The latest example of this progress comes via US-based Andrey Rudenko, who has created a small concrete “castle” structure in his backyard using a large 3D printer he built himself. Next up, he’s making a house.
From small beginnings …
The 3D-printed castle is 2 years in the making, and began with Rudenko first fabricating a small 3D printer which printed using plastic. It took some time before he scaled-up to a much larger unit that could print in concrete reliably, but once Rudenko had solved issues like clogging, he was good to go.
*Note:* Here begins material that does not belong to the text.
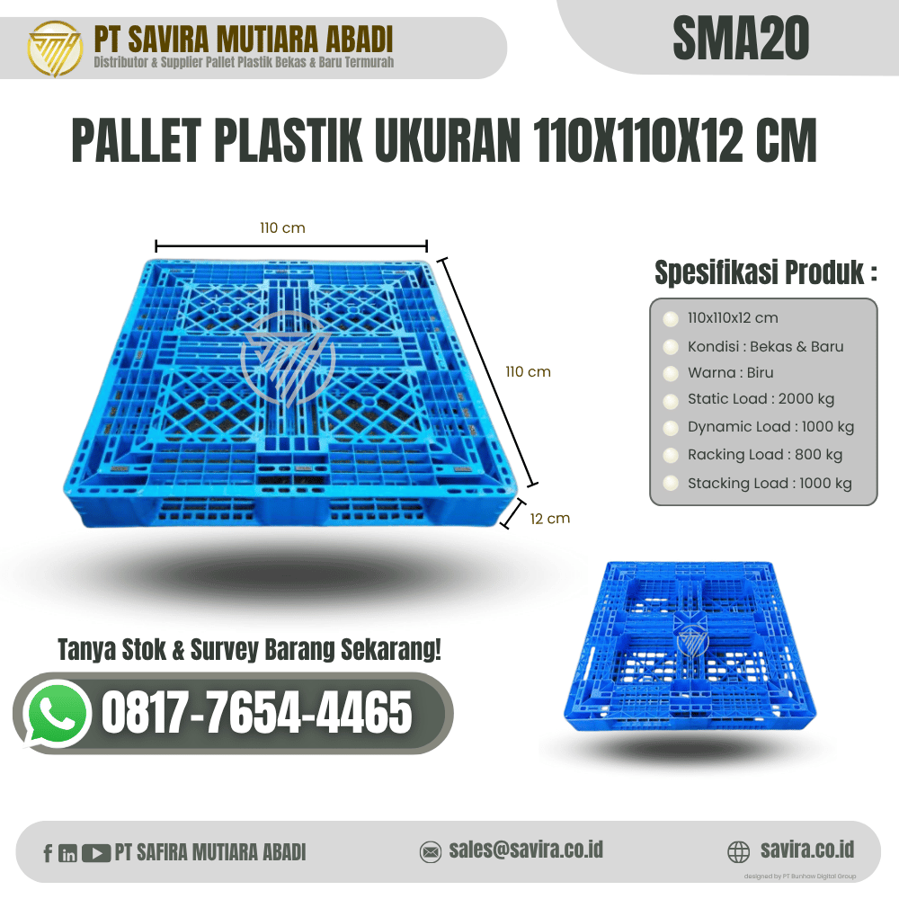 PT SAVIRA MUTIARA ABADI menghadirkan Pallet Plastik SMA20 ukuran 110x110x12 cm, tersedia dalam kondisi baru dan bekas, sebagai pilihan ideal untuk kebutuhan pergudangan, distribusi, dan ekspor. Terbuat dari bahan HDPE/PP berkualitas tinggi, pallet ini dirancang kuat, tahan banting, dan awet, mendukung operasional logistik Anda dengan efisien dan aman.

“In short, the printer is a 3D concrete-extruding machine which pushes/extrudes and layers concrete in very fine, high-quality layers of almost any size and configuration,” explains Rudenko. “The machine is controlled by computer using the Arduino Mega 2560 micro-controller board; it prints directly from CAD files using a chain of software tools to control printing.”
The castle took a total of 2 months to print from start to finish. The 3D printer pushed out strips of 10 x 30 mm (0.4 x 1.1 in) concrete, which were then layered atop each other. However, with a printing rate of 50 cm (19.6 in) per 8 hours, it could have been built much quicker had Rudenko not taken his time tweaking the printer’s settings, testing its abilities, and ensuring that the quality was good.